• Directions:
The lines in the listing below are to be given again exactly, starting at the line holding "Inspired by moments" and ending at the line holding "Очень хорошее состоя". Do not include pictures.

• Stored data:

####################

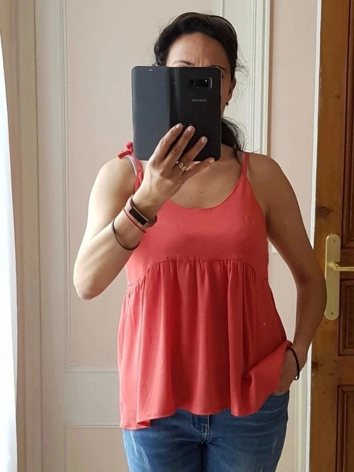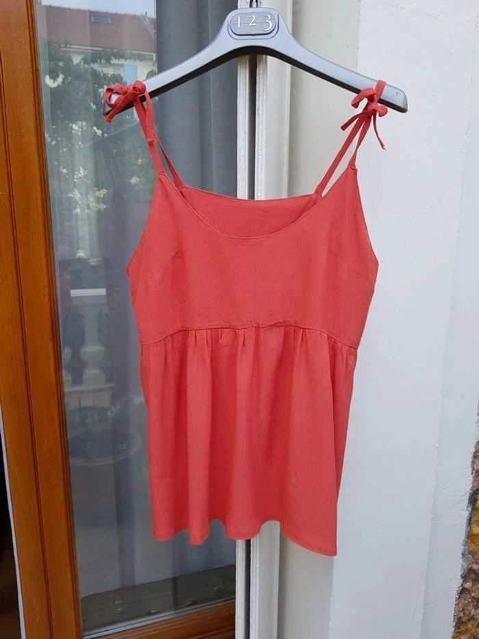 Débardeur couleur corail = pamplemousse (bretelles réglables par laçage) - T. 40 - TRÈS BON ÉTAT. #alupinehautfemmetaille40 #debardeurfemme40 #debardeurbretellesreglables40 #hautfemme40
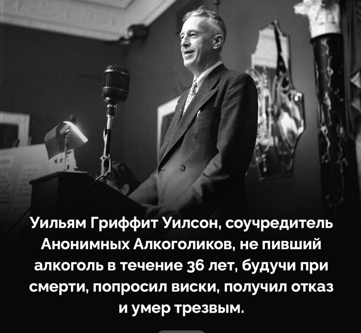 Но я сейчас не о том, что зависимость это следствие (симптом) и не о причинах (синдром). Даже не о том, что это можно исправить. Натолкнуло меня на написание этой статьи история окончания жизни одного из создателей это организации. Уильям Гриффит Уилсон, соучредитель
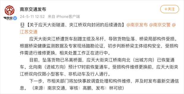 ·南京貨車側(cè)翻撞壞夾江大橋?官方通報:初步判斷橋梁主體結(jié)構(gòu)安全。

####################

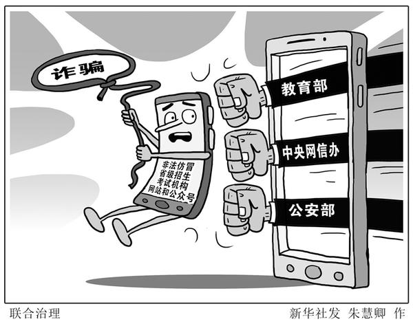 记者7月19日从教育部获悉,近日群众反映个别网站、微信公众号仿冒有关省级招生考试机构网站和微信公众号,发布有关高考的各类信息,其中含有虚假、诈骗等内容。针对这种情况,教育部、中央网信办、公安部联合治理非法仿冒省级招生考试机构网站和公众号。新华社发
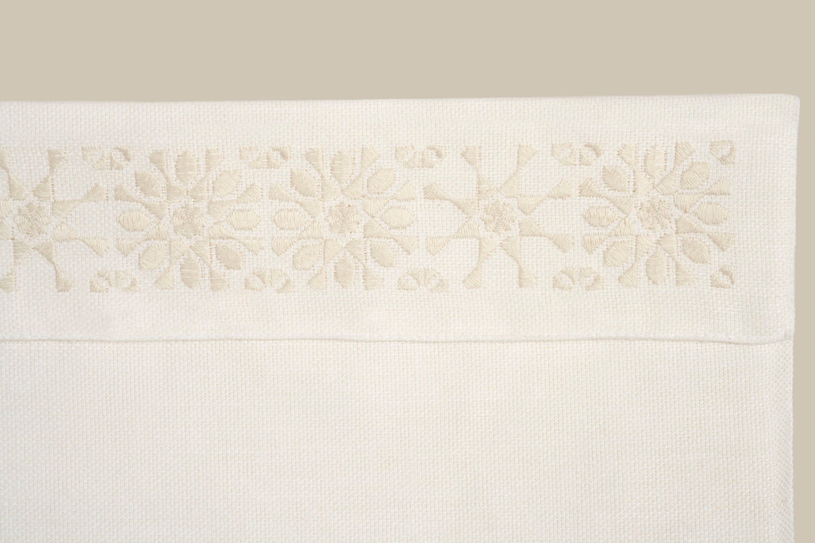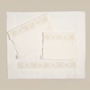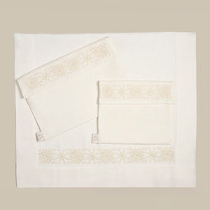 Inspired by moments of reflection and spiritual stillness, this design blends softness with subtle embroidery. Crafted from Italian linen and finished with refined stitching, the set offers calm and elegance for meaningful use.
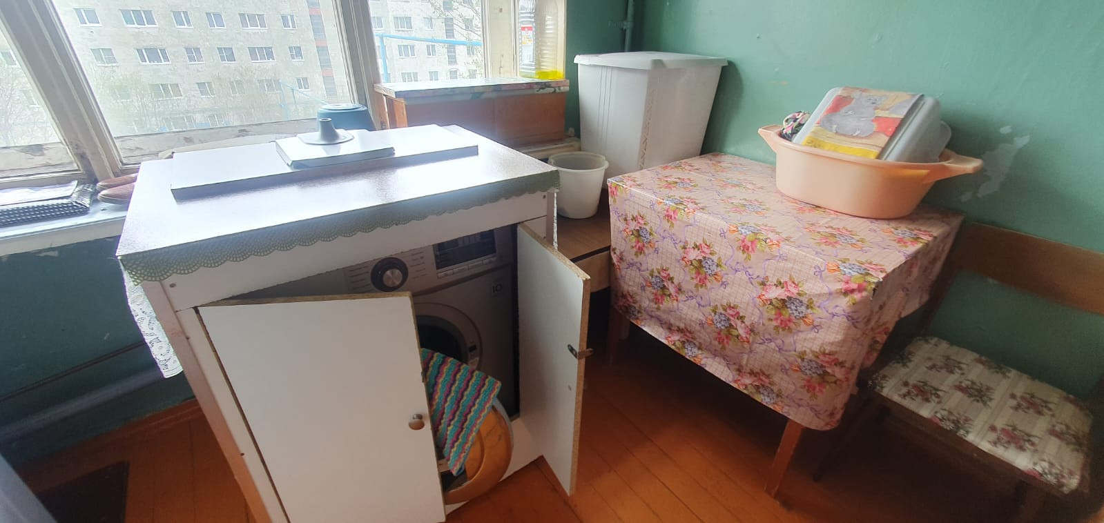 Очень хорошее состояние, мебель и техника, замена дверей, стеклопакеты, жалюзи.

####################

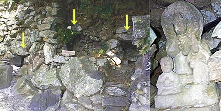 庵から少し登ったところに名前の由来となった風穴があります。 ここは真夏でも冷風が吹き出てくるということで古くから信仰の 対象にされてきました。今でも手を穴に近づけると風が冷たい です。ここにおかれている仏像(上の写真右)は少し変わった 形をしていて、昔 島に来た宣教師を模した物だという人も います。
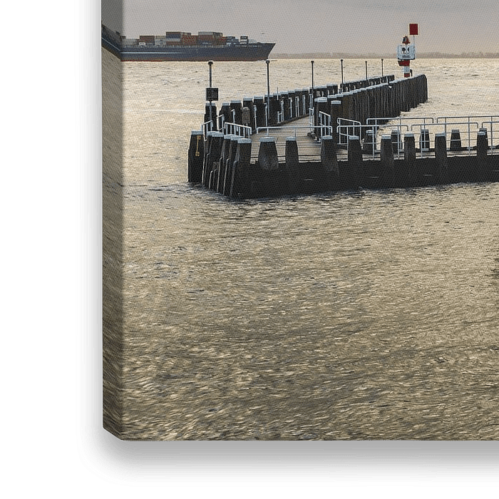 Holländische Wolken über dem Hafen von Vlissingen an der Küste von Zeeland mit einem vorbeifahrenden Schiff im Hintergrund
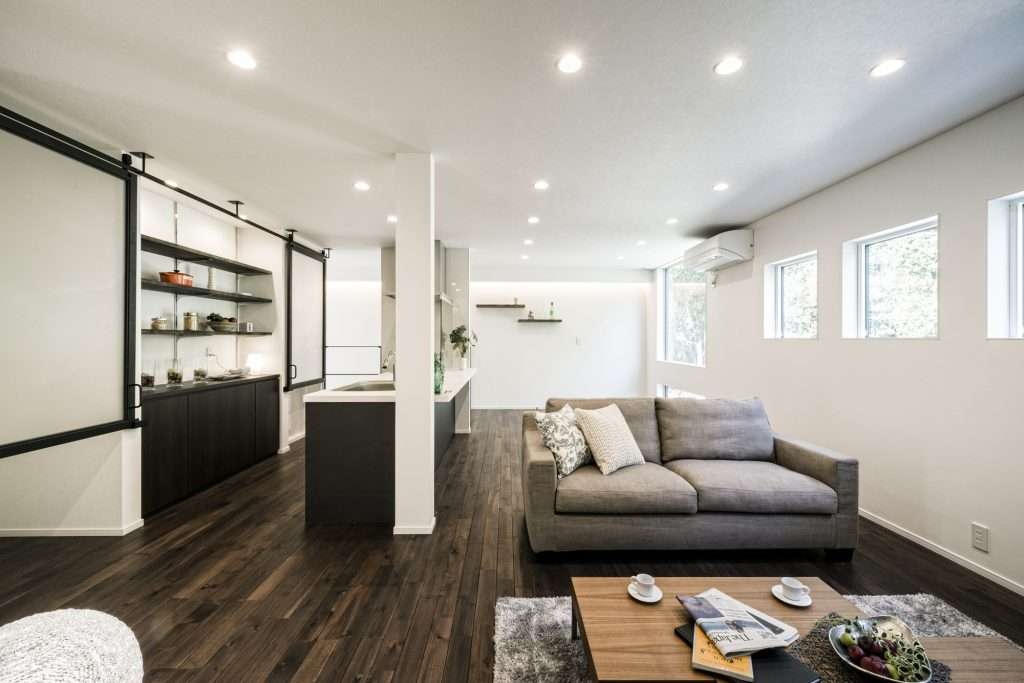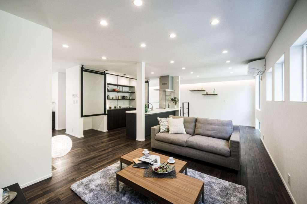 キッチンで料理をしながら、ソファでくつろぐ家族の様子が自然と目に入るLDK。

####################

• Task answer:
 Inspired by moments of reflection and spiritual stillness, this design blends softness with subtle embroidery. Crafted from Italian linen and finished with refined stitching, the set offers calm and elegance for meaningful use.
 Очень хорошее состояние, мебель и техника, замена дверей, стеклопакеты, жалюзи.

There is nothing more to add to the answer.